Vier Wochen vorher ist dem IFP ein anonymisierter Fallbericht im Umfang von höchstens zehn Seiten einzureichen.

 

Das Kolloquium dient dem gegenseitigen Austausch über Inhalte und Verlauf der Fortbildung und einer abschließenden Evaluierung.

 

Das IFP stellt im Anschluss ein qualifiziertes Zertifikat aus

Supervisionsordnung zur Weiterbildung in psychoanalytischer Paartherapie

1. In der Weiterbildung in psychodynamischer Paartherapie findet die Supervision grundsätzlich bei zugelassenen Mitgliedern des Instituts statt (Supervisor:innen).

 

2. Der Weiterbildungsausschuss des IFP bestimmt dazu besonders geeignete Mitglieder.
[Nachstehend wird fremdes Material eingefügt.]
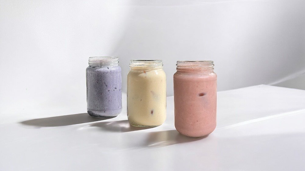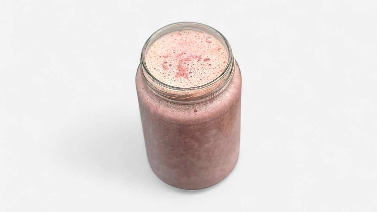 Mixed Berries, Biosteel Vanilla Protein Powder, honey, and pea milk.

Diese Entscheidung ist nicht anfechtbar.

 

3. Supervisor:innen, die gleichzeitig die Selbsterfahrungsgruppe der Supervision suchenden Weiterbildungsteilnehmer:innen leiten, sind dafür grundsätzlich ausgeschlossen.

 

4. Grundsätzlich zugelassen sind Gastreferent:innen, die während einer Ausbildungsveranstaltung des IFP Supervision anbieten.

 

5. Die Supervisor:innen betreuen jeweils maximal 3 Supervisand:innen einzeln oder eine Gruppe mit maximal 3 Teilnehmer:innen. Eine Gruppensitzung (90 Min.) wird wie eine anderthalbfache Einzelsitzung gezählt. Sollten insgesamt mehr Anfragen als Plätze vorhanden sein, bestimmt der Weiterbildungsausschuss das weitere Vorgehen.

 

6. Die Supervisand:innen wählen nacheinander zwei verschiedene Supervisor:innen, zwischen denen die notwendigen externen Supervisionen etwa hälftig aufgeteilt werden sollen.

 

7. Auswärtige Weiterbildungsteilnehmer:innen können Telefon- und Online-Supervision in Anspruch nehmen.

 

8. Sollte das IFP nicht genügend Plätze anbieten können, sind grundsätzlich die Supervisor:innen des Bundesverbandes für psychoanalytische Paar- und Familientherapie zugelassen (www.bvppf.de).

 

9. Für den Fall, dass keine der genannten Möglichkeiten in Betracht kommt, kann auf ausführlichen schriftlichen Antrag an den Weiterbildungsausschuss und nach dessen Genehmigung eine auswärtige Supervision genutzt werden.

 

10. Änderungen der Supervisionsordnung werden vom Weiterbildungsausschuss vorgeschlagen und vom Vorstand genehmigt. Im Konfliktfall entscheidet die Mitgliederversammlung.

Fassung vom 28.07.2021
Institut für Paartherapie (IFP) e.V.